The treatise just quoted makes it plain that the case of Weir and his sister had immediately become a fruitful theme for the imaginations of the vulgar. We there receive the following story: ‘Some few days before he discovered himself, a gentlewoman coming from the Castle-hill, where her husband’s niece was lying-in of a child, about midnight perceived about the Bowhead three women in windows shouting, laughing, and clapping their hands. The gentlewoman went forward, till, at Major Weir’s door, there arose, as from the street, a woman about the length of two ordinary females, and stepped forward. The gentlewoman, not as yet excessively feared, bid her maid step on, if by the lantern they could see what she was; but haste what they could, this long-legged spectre was still before them, moving her body with a vehement cachinnation and great unmeasurable laughter. At this rate the two strove for place, till the giantess came to a narrow lane in the Bow, commonly called the Stinking Close, into which she turning, and the gentlewoman looking after her, perceived the close full of flaming torches (she could give them no other name), and as if it had been a great number of people stentoriously laughing, and gaping with tahees of laughter. This sight, at so dead a time of night, no people being in the windows belonging to the close, made her and her servant haste home, declaring all that they saw to the rest of the family.’

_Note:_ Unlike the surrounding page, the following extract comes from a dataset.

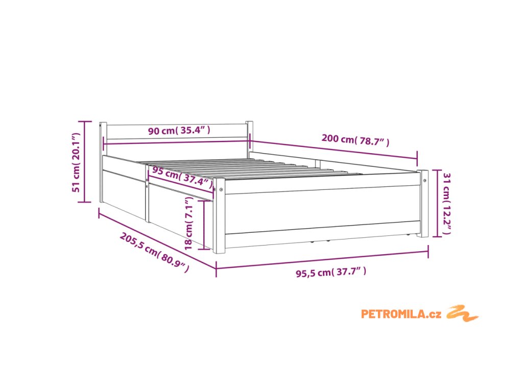 - Tento rám postele je vhodný pro matrace o rozměrech 90 x 200 cm.

For upwards of a century after Major Weir’s death, he continued to be the bugbear of the Bow, and his house remained uninhabited. His apparition was frequently seen at night, flitting, like a black and silent shadow, about the street. His house, though known to be deserted by everything human, was sometimes observed at midnight to be full of lights, and heard to emit strange sounds, as of dancing, howling, and, what is strangest of all, spinning. Some people occasionally saw the major issue from the low close at midnight, mounted on a black horse without a head, and gallop off in a whirlwind of flame. Nay, sometimes the whole of the inhabitants of the Bow would be roused from their sleep at an early hour in the morning by the sound as of a coach and six, first rattling up the Lawnmarket, and then thundering down the Bow, stopping at the head of the terrible close for a few minutes, and then rattling and thundering back again—being neither more nor less than Satan come in one of his best equipages to take home the major and his sister, after they had spent a night’s leave of absence in their terrestrial dwelling.

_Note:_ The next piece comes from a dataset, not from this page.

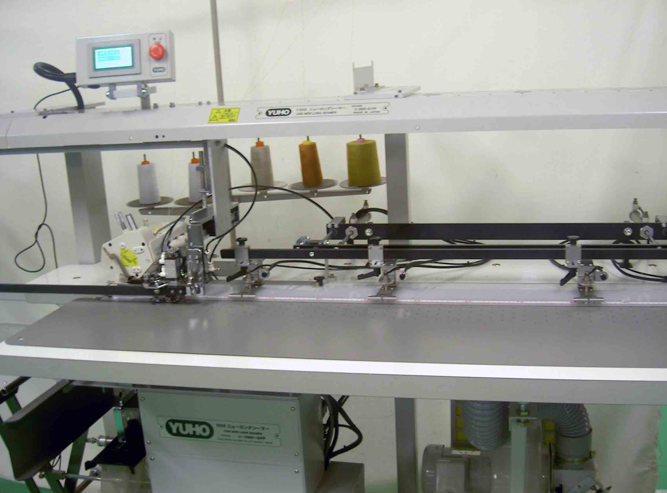 | 本格的インター&二重環ロングシーマーで高品質地縫い! | 本格的インター&二重環ロングシーマーは、縫い長さ最大1,300oまでの長距離地縫いが一気に縫え、ガイドに沿った美しい高品質な地縫いが行えます。 長年の経験と技術による、独自のガイドレール送り方式をベースに機械精度の向上、サイクルの短縮化など新技術を加え、ニットからジーンズ素材まで高品質の縫いを実現します。 さらに、柄合わせ、格子合わせ縫いにも素材全体をしっかり押さえて送るレール方式が、特にその威力を発揮します。 新素材、極端な異質素材の重ね縫いなど、多彩な素材への可縫性を備えています。 美しいシームラインは、ガイドレールに沿って縫われ、ユガミ、ヨタレのない完璧なデザインを再現します。 縫われた素材はスタッカーにより自動的に積み重ねられます。 |

About fifty years ago, when the shades of superstition began universally to give way in Scotland, Major Weir’s house came to be regarded with less terror by the neighbours, and an attempt was made by the proprietor to find a person who should be bold enough to inhabit it. Such a person was procured in William Patullo, a poor man of dissipated habits, who, having been at one time a soldier and a traveller, had come to disregard in a great measure the superstitions of his native country, and was now glad to possess a house upon the low terms offered by the landlord, at whatever risk. Upon its being known that Major Weir’s house was about to be reinhabited, a great deal of curiosity was felt by people of all ranks as to the result of the experiment; for there was scarcely a native of the city who had not felt, since his boyhood, an intense interest in all that concerned that awful fabric, and yet remembered the numerous terrible stories which he had heard respecting it. Even before entering upon his hazardous undertaking, William Patullo was looked upon with a flattering sort of interest, similar to that which we feel respecting a regiment on the march to active conflict. It was the hope of many that he would be the means of retrieving a valuable possession from the dominion of darkness. But Satan soon let them know that he does not tamely relinquish any of the outposts of his kingdom.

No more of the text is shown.